But then there were concessions to mediocrity, like desserts of banana chunks drenched in a bath of sweet red sauce, or canned peaches in syrup, or deep fried things – dough balls rolled in sugar, French fries, shrimp, onion rings – that had hardened. One soup had a film on top that resisted the ladle like the force field around the Death Star. The salad bar was neat, but the dressings outnumbered the vegetable choices. The dour moods of the staff reflected that misfire feeling that the shiny food guards, chandeliers, polished floor and piped-in Chinese pop music couldn’t lift.
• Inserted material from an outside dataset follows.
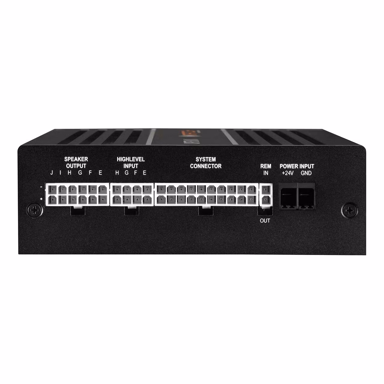 Compatibility: Only for operation on 24 Volts vehicle electrical systems! Technical data: UP 10DSP – 24V Edition Output power RMS - @ 4 Ohms Channels A - H: 8 x 65 Watts - @ 2 Ohms - - @ 1 Ohm - - bridged @ 4 Ohms - - bridged @ 2 Ohms - - Subwoofer output @ 4 Ohms Channels I - J: 2 x 90 Watts - Subwoofer output @ 2 Ohms Channels I - J: 2 x 160 Watts Amplifier technology Class GD Inputs 8 x Highlevel speaker input 1 x Optical SPDIF (12 - 96 kHz) 1 x Remote In Input sensitivity Channels A - F: 4 - 16 Volts Channels G - H: 4 - 16 or 8 - 32 Volts Input impedance RCA / Cinch - Input impedance highlevel 9 - 33 Ohms with ADEP.3 Outputs 10 x Speaker output 1 x RCA / Cinch 1 x Remote Out Output voltage RCA / Cinch 3 Volts Frequency response 10 Hz - 22,000 Hz DSP resolution 64 Bit DSP power 295 MHz (1.2 billion MAC operations/second) Sampling rate 48 kHz DSP type Audio signal processor Signal converters A/D: BurrBrown D/A: BurrBrown Signal-to-noise ratio digital input 105 dB (A-weighted) Signal-to-noise ratio analog input 103 dB (A-weighted) Distortion (THD) 0.03 % Damping factor 100 Operating voltage 18 - 36 Volts (max. 5 sec. down to 12 Volts) Power rating DC 24 V ⎓ 32 A max. Idle current 210 mA Max. remote output current 500 mA Operating temperature range -40° C to +70° C Fuse 2 x 25 A LP-Mini-fuse (APS) Additional features Class GD technology with dynamically controlled power supply, 32 Bit CoProcessor, ADEP.3 circuit, Start-Stop capability, Smart Control Port, USB, MEC slot, Auto Remote switch, galvanically isolated Line Out Dimensions (H x W x D) 46 x 145 x 163 mm / 1.81 x 5.71 x 6.42″ Scope of delivery: 1 x MATCH UPGRADE amplifier UP 10DSP – 24V Edition 2 x Connection cable 1 x Mounting plates & material 1 x USB cable 1 x Instruction manual

I wondered what had happened to that reliably, edibly enjoyable AA Buffet I had known. I went back for lunch, this time on a Monday, and there it was. Customers were strolling away with toothpicks, and inside they were chatting merrily. Employees were smiling, even shouting “Hello, my friend!” while walking the floor, cleaning and checking on things, listening, anticipating. The foods were fresher and being replenished according to necessity. Both the bun and the apple strudel were tender, the broccoli in the broccoli beef was greener, the meatball shrimp thingy was moist, as was my favorite, pork shumai. The sushi had slipped a bit, but everything else, like the soups, had elevated significantly. Even the soda tasted crisp.

It was like a Tale of Two Restaurants… within the same space. One was a tasty and casual eatery staffed by people who seemed proud to be there. The other a depressed and moody eating establishment of last resort. How to tell which one you’re going to get? Ask to look around, look at the food, note the moods of the customers and employees, use your senses. That’s the advantage of a buffet. It’s all out there on display with an honesty and earnestness you gotta admire. Like Ole Frijoles, back when it was located in the same strip mall as AA Buffet is today.